START Provided material

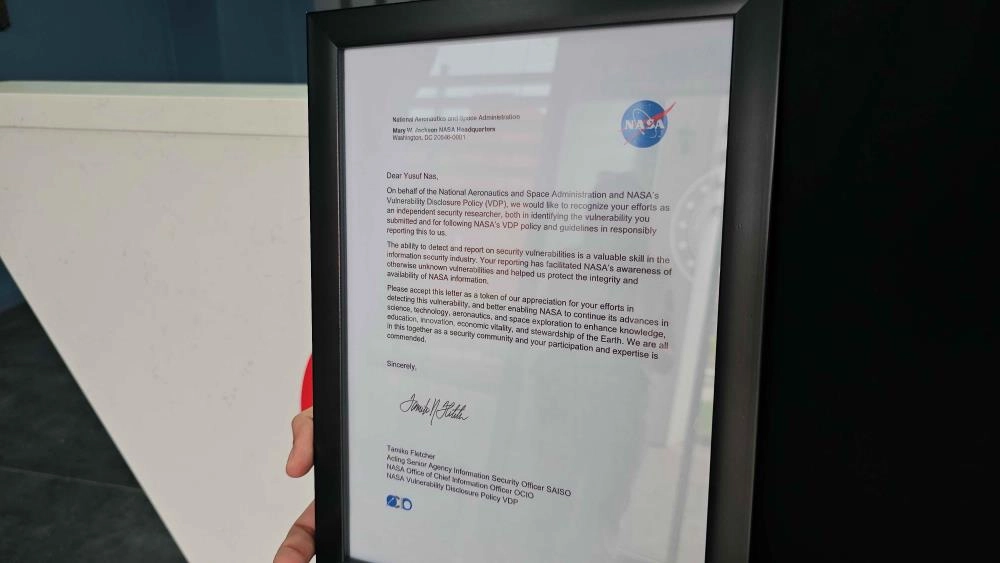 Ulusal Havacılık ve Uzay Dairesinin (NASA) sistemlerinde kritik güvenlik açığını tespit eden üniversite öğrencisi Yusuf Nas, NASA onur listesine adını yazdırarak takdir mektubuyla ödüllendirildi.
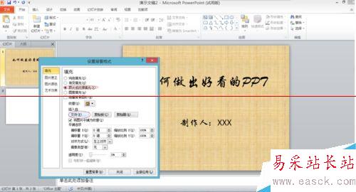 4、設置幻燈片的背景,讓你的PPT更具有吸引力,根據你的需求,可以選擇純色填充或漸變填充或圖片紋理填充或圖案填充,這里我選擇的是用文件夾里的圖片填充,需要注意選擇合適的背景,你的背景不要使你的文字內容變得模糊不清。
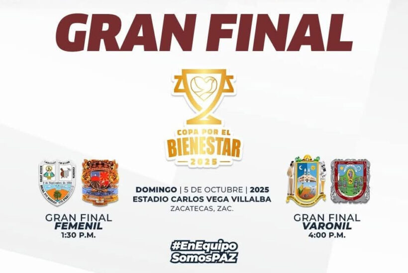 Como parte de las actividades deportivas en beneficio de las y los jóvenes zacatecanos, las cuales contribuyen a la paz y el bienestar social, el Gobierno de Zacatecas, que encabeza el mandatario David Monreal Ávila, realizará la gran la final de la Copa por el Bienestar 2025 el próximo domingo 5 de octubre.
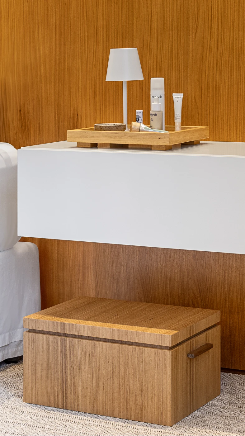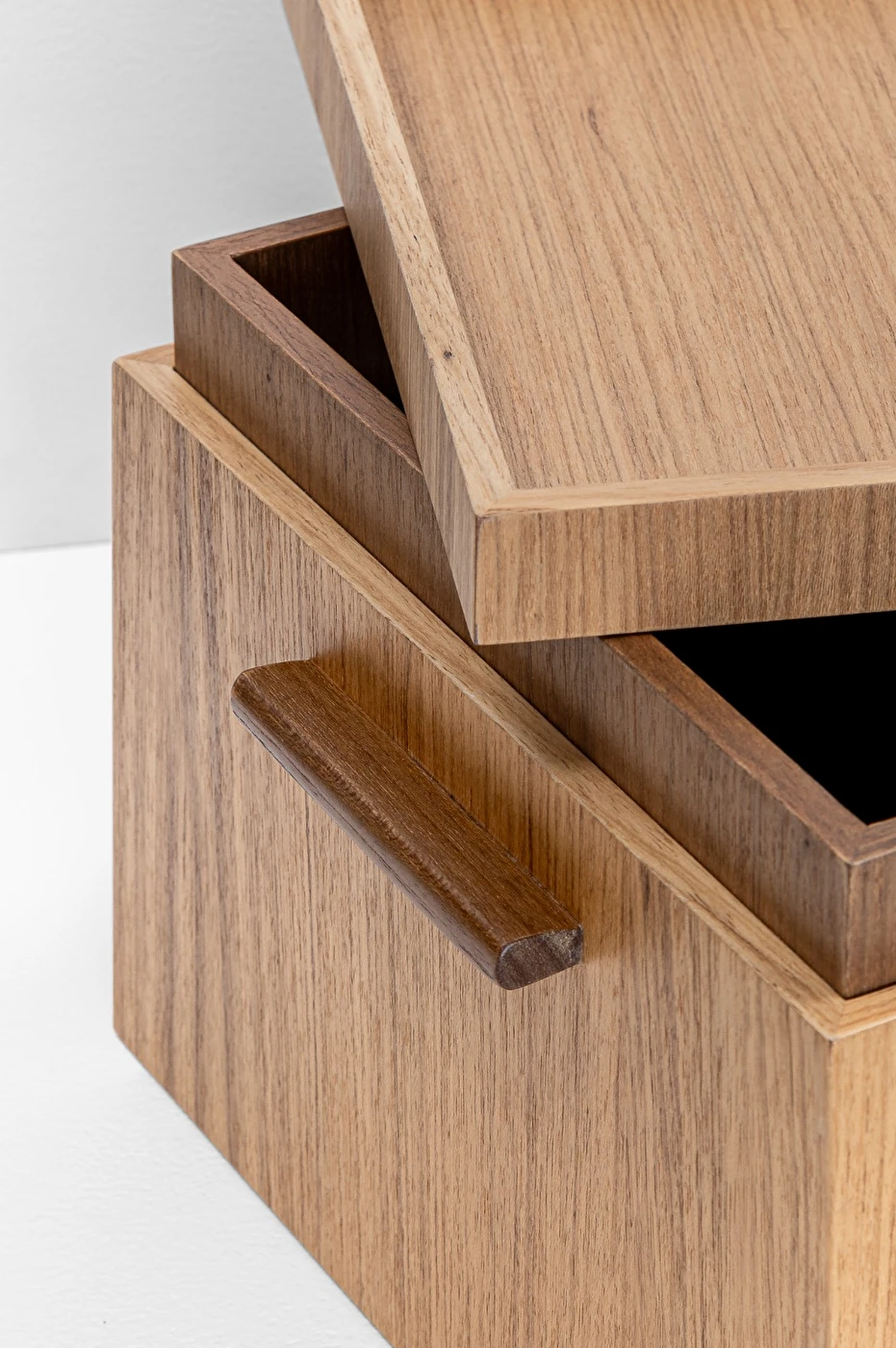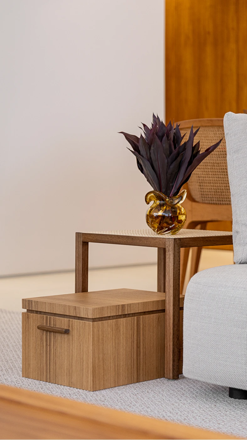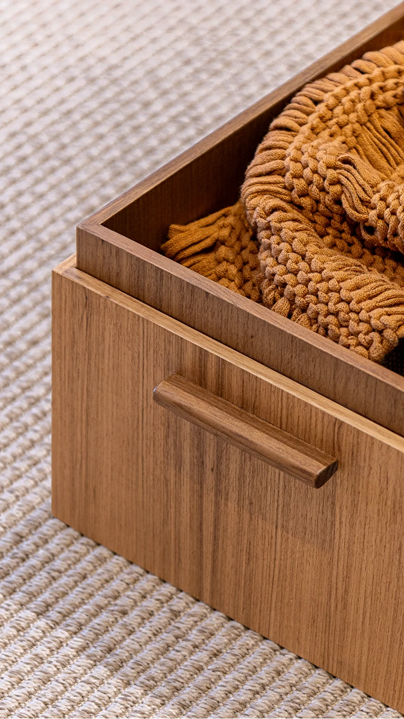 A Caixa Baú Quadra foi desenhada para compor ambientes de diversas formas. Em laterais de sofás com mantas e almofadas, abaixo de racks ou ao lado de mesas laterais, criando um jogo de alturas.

END Provided material

The task => Output the data above exactly. Drop every picture.

Reply to the exercise =>
 Ulusal Havacılık ve Uzay Dairesinin (NASA) sistemlerinde kritik güvenlik açığını tespit eden üniversite öğrencisi Yusuf Nas, NASA onur listesine adını yazdırarak takdir mektubuyla ödüllendirildi.
 4、設置幻燈片的背景,讓你的PPT更具有吸引力,根據你的需求,可以選擇純色填充或漸變填充或圖片紋理填充或圖案填充,這里我選擇的是用文件夾里的圖片填充,需要注意選擇合適的背景,你的背景不要使你的文字內容變得模糊不清。
 Como parte de las actividades deportivas en beneficio de las y los jóvenes zacatecanos, las cuales contribuyen a la paz y el bienestar social, el Gobierno de Zacatecas, que encabeza el mandatario David Monreal Ávila, realizará la gran la final de la Copa por el Bienestar 2025 el próximo domingo 5 de octubre.
 A Caixa Baú Quadra foi desenhada para compor ambientes de diversas formas. Em laterais de sofás com mantas e almofadas, abaixo de racks ou ao lado de mesas laterais, criando um jogo de alturas.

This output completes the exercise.